> That's easy actually, since ASCII is a 7-bit code it can only contain char
> values between 0-127 or in other words the highest bit must not be set in any
> char. But probably this strict check could break other stuff.
As long as you exclude extended ascii and data corruption, I don't know what
else that could break. My guess would be that ASCII as understood by XFS users
would be the 0-127 and not the various mix of extensions.

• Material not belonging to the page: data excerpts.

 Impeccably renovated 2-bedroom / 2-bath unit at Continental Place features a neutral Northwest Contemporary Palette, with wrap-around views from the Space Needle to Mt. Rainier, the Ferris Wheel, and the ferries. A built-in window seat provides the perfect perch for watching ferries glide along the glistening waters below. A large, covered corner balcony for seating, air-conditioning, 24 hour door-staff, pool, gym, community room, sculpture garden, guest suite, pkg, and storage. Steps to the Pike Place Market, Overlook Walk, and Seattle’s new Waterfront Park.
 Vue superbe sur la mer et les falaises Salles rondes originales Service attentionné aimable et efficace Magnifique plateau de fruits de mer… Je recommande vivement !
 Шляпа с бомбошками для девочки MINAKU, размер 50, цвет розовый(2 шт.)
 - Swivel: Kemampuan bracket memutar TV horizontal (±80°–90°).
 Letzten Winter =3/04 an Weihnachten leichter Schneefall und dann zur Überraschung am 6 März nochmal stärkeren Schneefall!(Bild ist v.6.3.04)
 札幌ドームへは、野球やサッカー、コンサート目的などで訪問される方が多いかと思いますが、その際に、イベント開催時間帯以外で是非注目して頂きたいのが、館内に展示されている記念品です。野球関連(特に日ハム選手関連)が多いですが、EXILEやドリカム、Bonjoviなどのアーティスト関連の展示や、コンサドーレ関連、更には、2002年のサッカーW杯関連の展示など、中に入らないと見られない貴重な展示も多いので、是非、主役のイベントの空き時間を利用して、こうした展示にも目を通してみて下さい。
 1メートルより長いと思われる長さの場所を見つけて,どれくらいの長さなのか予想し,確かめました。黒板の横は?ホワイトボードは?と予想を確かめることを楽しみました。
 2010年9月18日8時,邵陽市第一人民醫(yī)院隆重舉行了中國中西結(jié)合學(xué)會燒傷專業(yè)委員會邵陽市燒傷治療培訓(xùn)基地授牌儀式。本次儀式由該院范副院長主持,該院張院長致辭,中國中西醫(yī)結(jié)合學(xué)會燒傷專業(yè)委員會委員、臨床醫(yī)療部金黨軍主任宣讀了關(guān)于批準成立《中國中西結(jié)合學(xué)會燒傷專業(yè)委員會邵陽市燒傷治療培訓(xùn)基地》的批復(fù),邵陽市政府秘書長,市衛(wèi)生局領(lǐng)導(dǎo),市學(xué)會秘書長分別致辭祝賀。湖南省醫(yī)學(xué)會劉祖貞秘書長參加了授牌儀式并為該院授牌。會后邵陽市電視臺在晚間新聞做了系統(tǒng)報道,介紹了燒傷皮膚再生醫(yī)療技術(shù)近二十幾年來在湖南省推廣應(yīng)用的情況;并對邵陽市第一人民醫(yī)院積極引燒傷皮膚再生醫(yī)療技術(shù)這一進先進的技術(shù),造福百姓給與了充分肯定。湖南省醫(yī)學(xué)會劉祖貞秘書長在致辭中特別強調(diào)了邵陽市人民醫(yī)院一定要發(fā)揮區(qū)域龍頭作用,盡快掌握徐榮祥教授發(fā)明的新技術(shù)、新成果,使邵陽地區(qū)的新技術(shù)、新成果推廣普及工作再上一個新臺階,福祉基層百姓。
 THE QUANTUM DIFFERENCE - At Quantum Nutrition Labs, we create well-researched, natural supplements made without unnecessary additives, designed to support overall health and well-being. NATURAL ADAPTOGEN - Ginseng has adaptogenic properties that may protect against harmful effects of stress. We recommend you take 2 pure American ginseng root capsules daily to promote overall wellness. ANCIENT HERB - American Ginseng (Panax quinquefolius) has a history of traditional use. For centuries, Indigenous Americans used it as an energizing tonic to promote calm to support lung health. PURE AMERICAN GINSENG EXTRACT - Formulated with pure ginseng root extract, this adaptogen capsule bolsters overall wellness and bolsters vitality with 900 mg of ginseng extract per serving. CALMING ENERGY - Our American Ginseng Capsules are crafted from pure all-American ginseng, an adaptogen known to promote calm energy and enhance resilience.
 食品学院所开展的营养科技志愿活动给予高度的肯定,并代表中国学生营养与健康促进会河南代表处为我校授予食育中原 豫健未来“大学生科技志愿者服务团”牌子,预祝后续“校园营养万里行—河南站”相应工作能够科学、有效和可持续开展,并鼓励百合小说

If you want to
include support for extended ascii...then I don't think there's any way to
determine non-probabilistically the difference between ASCII and UTF based on
the data itself.
I have no idea what the current behavior is with respect to extended ASCII
(whether it's supported, or works, or anything).
From: xfs-bounces@xxxxxxxxxxx [mailto:xfs-bounces@xxxxxxxxxxx] On Behalf Of
Sent: Thursday, January 16, 2014 2:56 PM
Subject: Re: Files with non-ASCII names inaccessible after xfs_repair
> The utf-8 patches add a "is this valid utf-8" check to all the
> operations that care. We could probably do that for the ASCII-CI stuff
> if you can define what ASCII means....
That's easy actually, since ASCII is a 7-bit code it can only contain char
values between 0-127 or in other words the highest bit must not be set in any
char. But probably this strict check could break other stuff.